On November 2 we will be facing what many are calling “the most important election of our lifetime.” Every person who cares about this nation has the right and obligation to pray, vote, and get others to vote. Even churches have the responsibility to encourage the people to “let their voice be heard.” Sadly, churches have been brow beaten to think that politics is off-limits. Let’s not forget that our nation’s history began in a church. Back in the summer our family visited the historic St. John’s Church in Richmond, Virginia. This was the place where the Second Virginia Convention met in 1775. In the pews sat George Washington, Thomas Jefferson, Richard Henry Lee and many others. A plaque near the pulpit marks the very spot where Patrick Henry gave his famous speech: “Give me Liberty or Give me Death.” I wonder what Jefferson would think about the gross misuse of his phrase “separation of church and state.”

It’s a shame that those who oppose our freedom and our values have intimidated us for so long. Pastors and churches should understand the permissible boundaries about politics in the pulpit. Although, churches cannot endorse or oppose political candidates, there is much that they can do. In his book “Eternal Vigilance: Knowing and Protecting Your Religious Freedom,” Mathew Staver lists a few: “voter registration and ‘get out the vote’ drives, distribution of objective voter guides, candidate forums and debates, and most importantly, addressing social and political issues.” Pastors can even express their opinions about the candidates, as long as they do it as citizens. It’s time we stopped giving in to what Jerry Falwell called the “fright tactic.”

In his book, “When a Nation Forgets God,” Erwin Lutzer relates the chilling account of a person who lived during the Nazi Holocaust in Germany:  “I considered myself a Christian.

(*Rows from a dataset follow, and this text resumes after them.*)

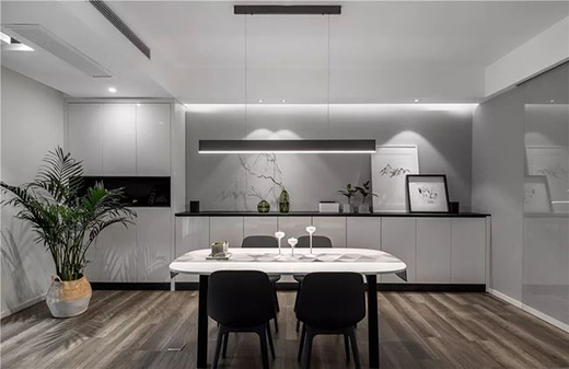 餐廳可以搭配吊燈、銅燈等燈具,如果選用吊燈,距離桌面65-85cm是最好的;餐桌另作為辦公學(xué)習(xí)使用的話,亮度也要隨之增加。
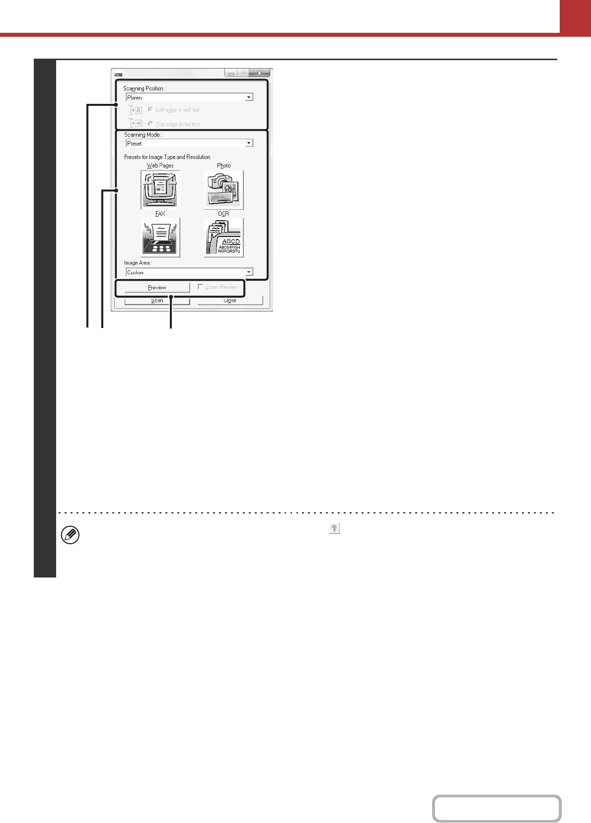 • For further information on the scan settings, click the button in the preview image screen of step 7 to
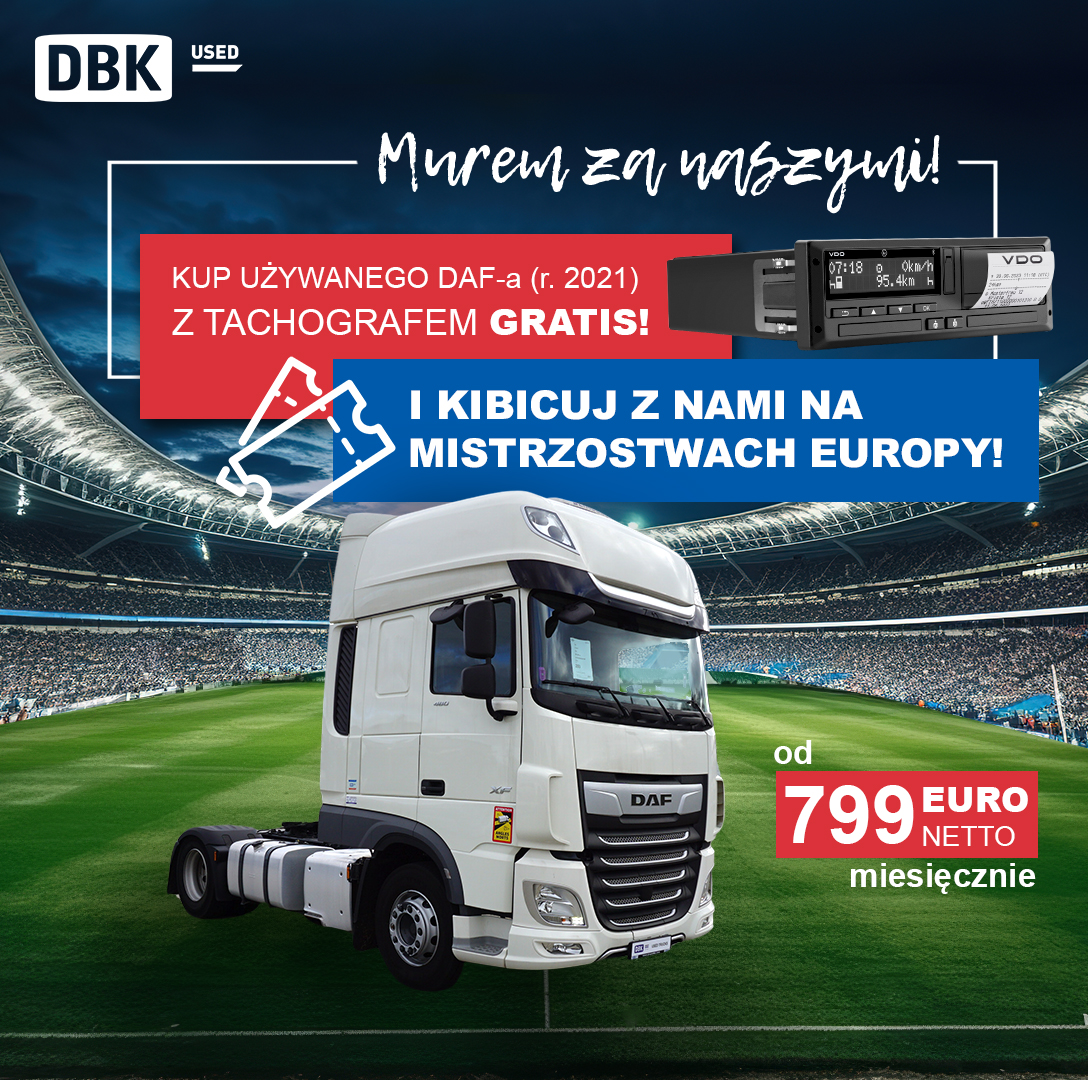 Kup używany ciągnik siodłowy DAF z rocznika 2021 w korzystnej ofercie od 799 euro netto miesięcznie i z inteligentnym tachografem w cenie pojazdu wraz z profesjonalnym montażem w autoryzowanych serwisie Grupy DBK (bez dodatkowych kosztów)* i odbierz bilet na mecz Reprezentacji Polski podczas Mistrzostw Europy!
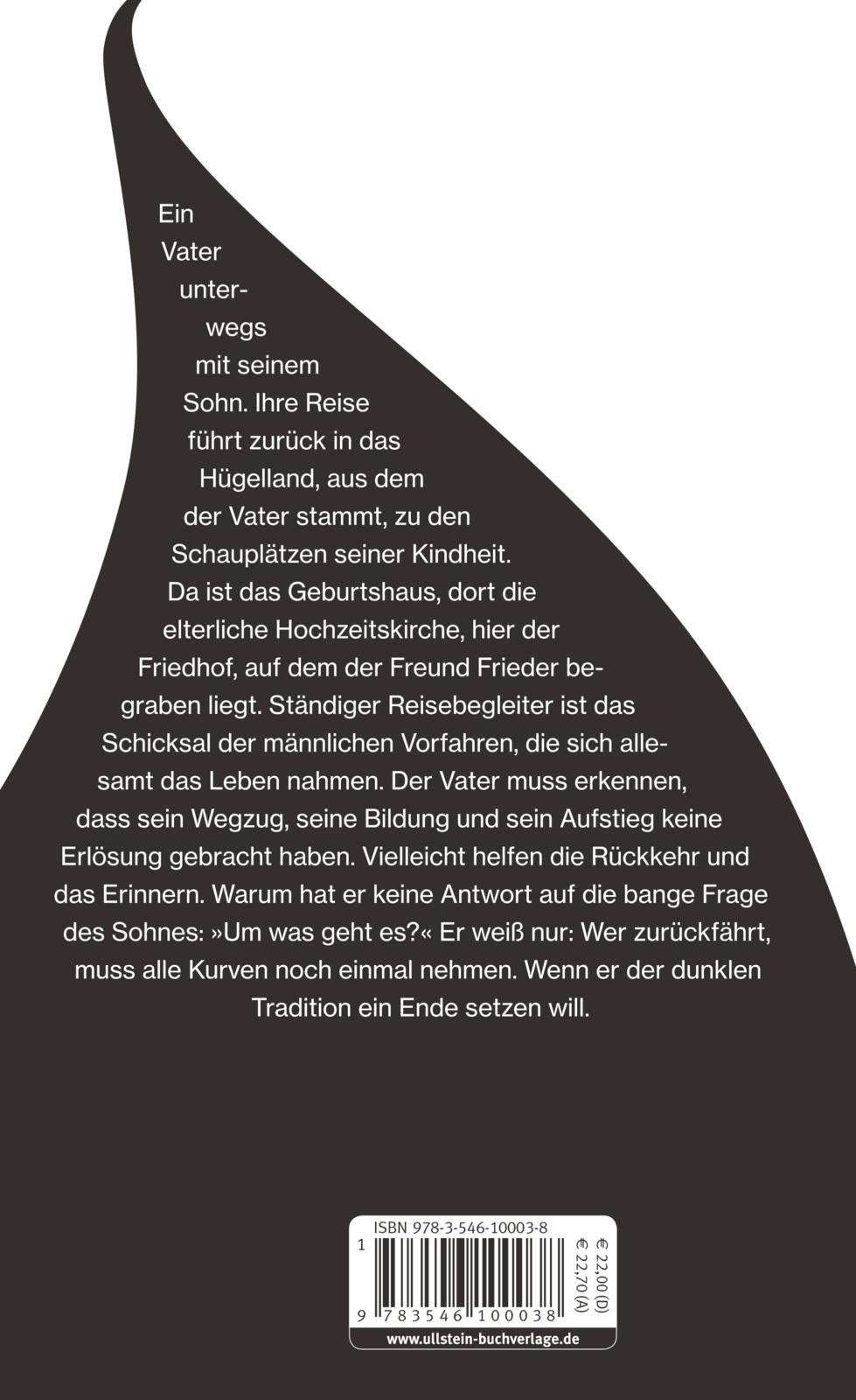 Ständiger Reisebegleiter ist das Schicksal der männlichen Vorfahren, die sich allesamt das Leben nahmen: "Urgroßvater, Großvater, Vater. Ertränkt, erschossen, erhängt." Der Vater muss erkennen, dass sein Wegzug, seine Bildung und sein Aufstieg keine Erlösung gebracht haben.
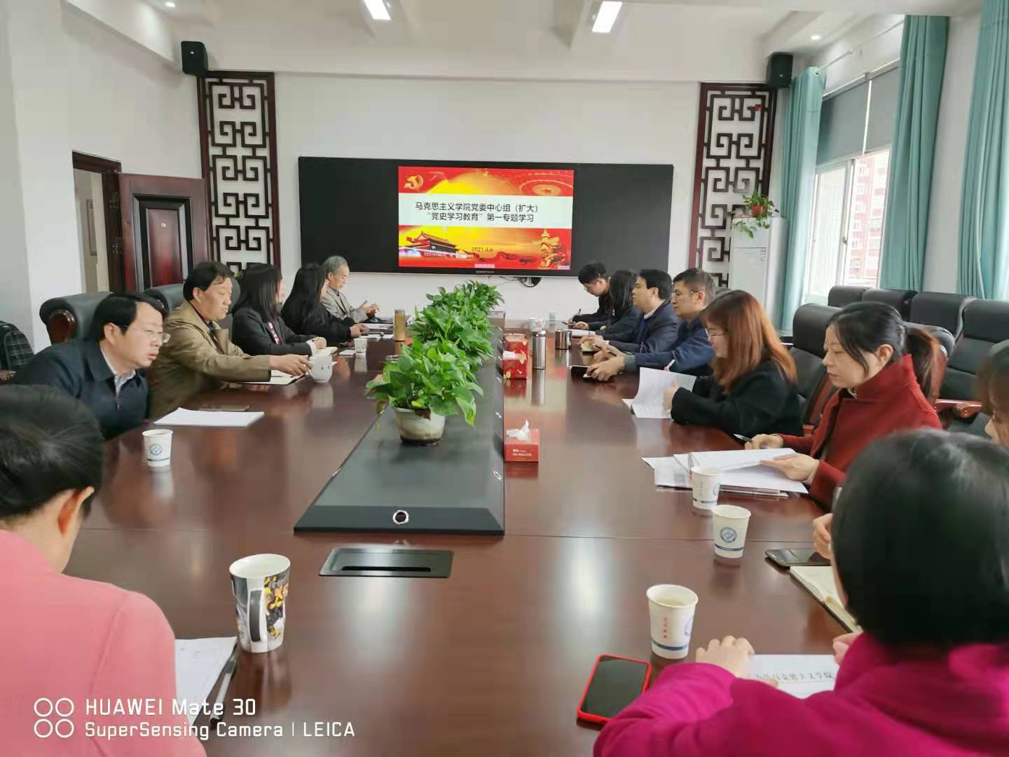 根据习近平总书记在党史学习教育动员大会上的重要讲话及中央、省委、省教育工委、校党委相关文件精神和部署安排,结合长沙理工大学马克思主义学院实际情况,马克思主义学院党委于2021年4月6日上午在云塘校区文科楼学院会议室召开学院党委中心组(扩大)“党史学习教育”第一专题学习。本次学习主题为“学史明理”专题,由马克思主义学院张可荣教授主讲。学院副科职及以上干部、各支部书记、学院工会主席、教授委员会主任、近2年入职的青年博士参与了本次专题学习。此次专题学习由学院党委书记易显飞教授主持。
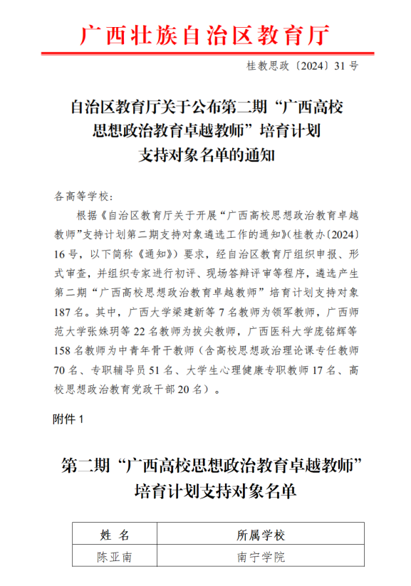 近日,自治区教育厅公布第二期“广西高校思想政治教育卓越教师”培育计划支持对象名单,我校陈亚南老师入选中青年骨干教师人选(高校思想政治理论课专任教师)。
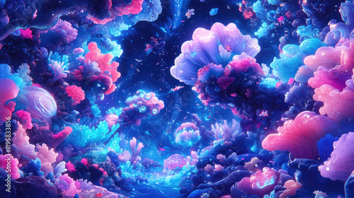Enchanted Underwater Realm: A Dreamlike Digital Painting of Luminescent Coral and Marine Life
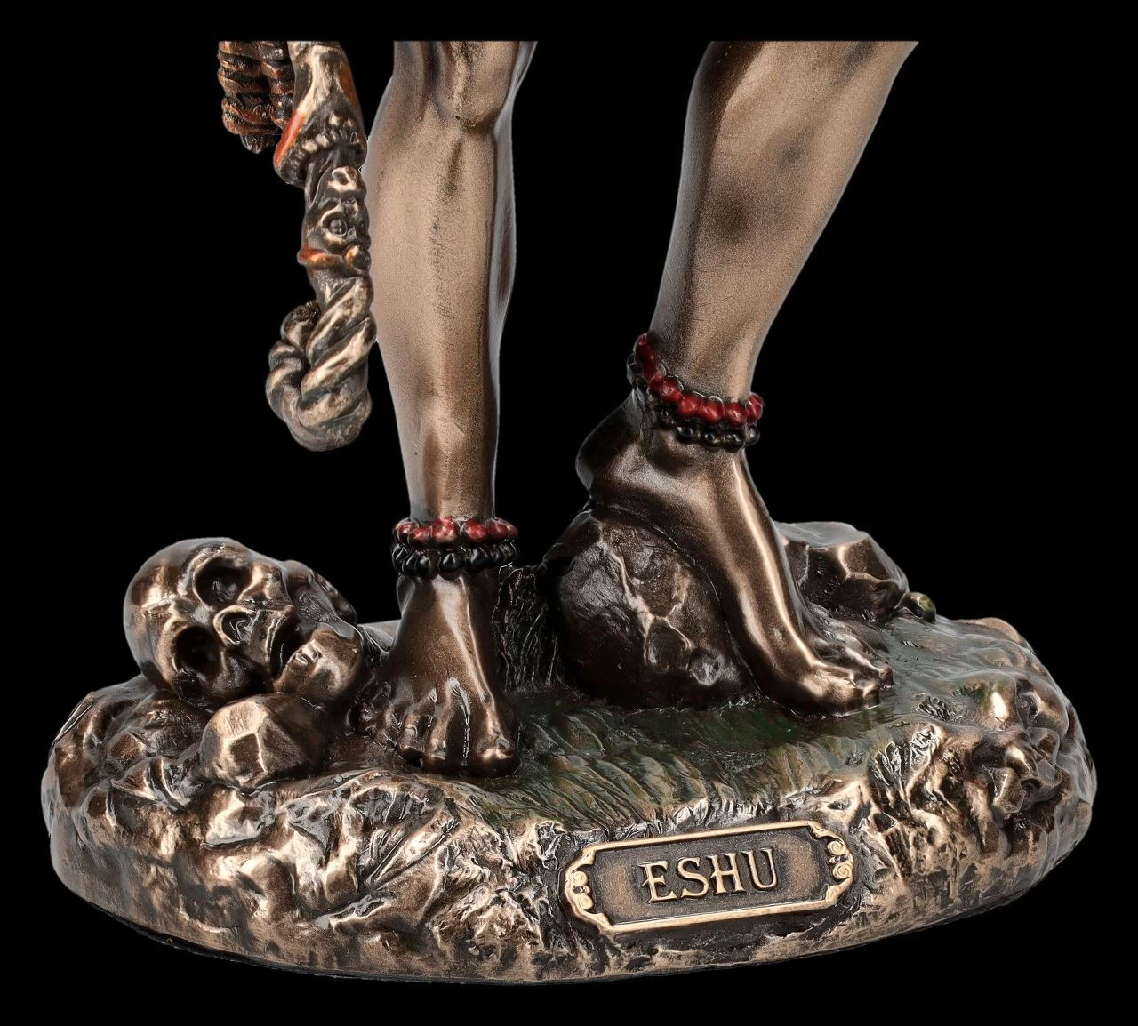 Wunderbar ästhetisch dargestellt ist diese athletische Eshu Figur des Yoruba Gottes, der einer der Hauptgötter des großen Volkes der Yoruba ist. Eshu wird als sogenannter ‚Trickster-Gott‘ bezeichnet, der Gutes, aber auch Böses bewirken kann. Daher sollte man sich gut mit ihm stellen. Viele Details zeichnen diese herrliche Figur aus der Studio Collection von Veronese aus. Die 21,5 cm hohe, 10 cm breite und 8 cm tiefe Skulptur aus hochwertigem Kunstsein (Polyresin) ist edel bronziert und sehr schön und zurückhaltend coloriert. Die Eshu-Figur des Yoruba Gottes ist nicht nur ein ganz besonderes Geschenk, sie ist in ihrer Darstellung auch sehr dekorativ und wird mit Sicherheit überall zum sofortigen Blickfang.
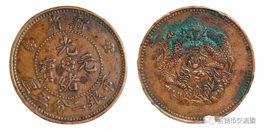 ⊙简介:清代新疆省造新省光绪元宝市银二分五厘铜样币一枚,罕见,极美品。

We heard stories of what was happening to the Jews, but we tried to distance ourselves from it, because, what could anyone do to stop it? A railroad track ran behind our small church and each Sunday morning we could hear the whistle in the distance and then the wheels coming over the tracks. We became disturbed when we heard the cries coming from the train as it passed by. We realized that it was carrying Jews like cattle in the cars! Week after week the whistle would blow. We dreaded to hear the sound of those wheels because we knew that we would hear the cries of the Jews en route to a death camp. Their screams tormented us. We knew the time the train was coming and when we heard the whistle blow we began singing hymns. By the time the train came past our church we were singing at the top of our voices. If we heard the screams, we sang more loudly and soon we heard them no more. Years have passed and no one talks about it anymore. But I still hear that train whistle in my sleep. God forgive me; forgive all of us who called ourselves Christians yet did nothing to intervene.”

While I believe that it is the gospel alone that transforms the hearts of people, I also believe that it is our vote that guarantees that we can still preach that gospel. Our vote determines the future of our children and our grandchildren. Our churches have sung loudly for some time. Only a few have dared to walk outside and hear the cries. There is a time to sing and then there is a time to vote.